CYBER WARFARE BY OTHERS
- Other than China, many other countries, including the U.S. and Russia, do engage in the same kind of cyber warfare.
- Though western countries are also engaged in cyber espionage but little is publicized.
- The U.S. has extensively published Russia’s cyber antics from time to time. Best known are-
- Russia’s cyber interference in the U.S. presidential elections in 2016.
- Russia is currently the prime suspect in one of the greatest data breaches concerning the U.S. Federal government, involving the Departments of Defence, Energy, State, Homeland Security, Treasury, etc.
- In present, we are witnessing only the tip of the iceberg at present and most nations are truly unaware of the extent to which breaches are taking place.
- This was well demonstrated way back in 2016, when a major attack on Ukraine’s power grid took place and set an ominous precedent in this respect. The attacks were carried out by skilled cyber security professionals, who had planned their assaults over many months, conducting a very sophisticated operation.
- The Ukraine example should be a wake-up call for India and the world, as in the intervening five years, the sophistication of cyber attacks and the kind of malware available have become more advanced.
- There are no readymade solutions to counter the cyber offensive emanating from different quarters. No nation can hope, or can claim, to be insulated from such attacks.
- Nations should beware and be warned about how cyber attacks can bring a nation to its knees.
- The U.S. seemed to fully wake up to the cyber threat only in 2017 when U.S. security tools were hacked, having preferred for long to indulge in a kind of ‘active defence’ by seeking to hack enemy networks.
- U.S. President Joe Biden is now understood to have included a sum of over $10 billion for cyber security in his COVID-19 Relief Bill, which is clearly intended to improve U.S. ‘readiness and resilience in cyber space’.

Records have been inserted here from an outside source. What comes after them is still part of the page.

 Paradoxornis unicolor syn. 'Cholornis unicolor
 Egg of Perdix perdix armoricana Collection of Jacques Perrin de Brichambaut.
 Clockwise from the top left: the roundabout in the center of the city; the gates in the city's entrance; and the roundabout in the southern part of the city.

- Drawing up a comprehensive cyber strategy, one that fully acknowledges the extent of the cyber threat is an imperative and immediate necessity.
PART OF BEIJING’S WORLD VIEW
- From an Indian perspective, the Chinese cyber threat could prove to be truly daunting. The reasons for this are many.

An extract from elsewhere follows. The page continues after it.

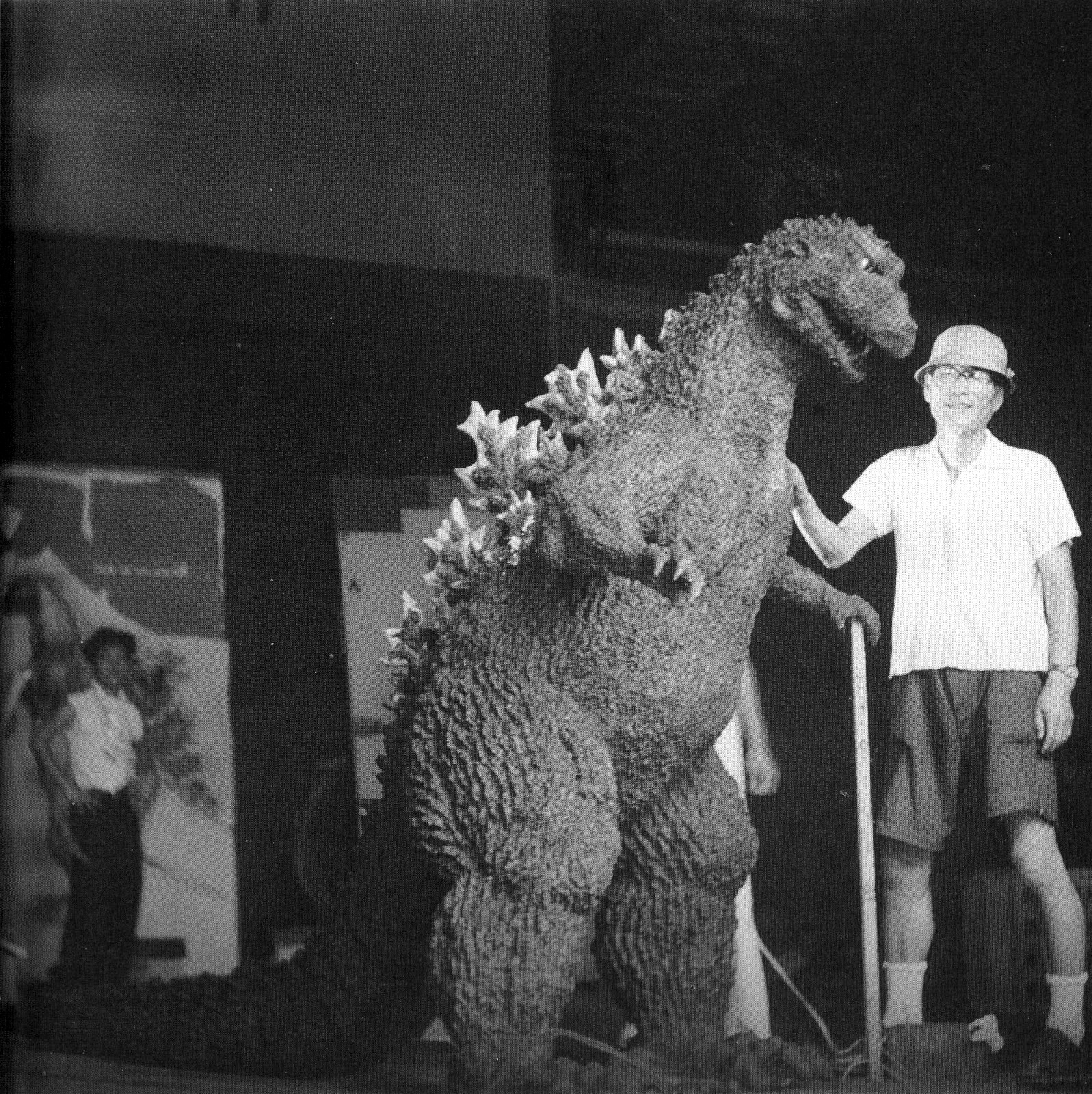 Behind the scenes on the set of Godzilla.

- China’s analysis of the state of current relations between China and India is that they remain antagonistic towards India growing proximity to the U.S.
- China has forged a firm nexus between authoritarianism, global ambitions and technology, and is determined to transform the global order to advance its interests.
- ‘Cyber’ could well be one of China’s main threat vectors employed against countries that do not fall in line with China’s world view.
- China’s 2021 Defence Budget (amounting to $209 billion) gives special weightage to the Strategic Support Force (SSF), which embraces cyber warfare.
If indeed the future is digital, and if China has indeed embarked on an all-out offensive of this nature, India needs to adopt comprehensive measures to forestall a potential ‘Cyber Pearl Harbour’, as far as India is concerned.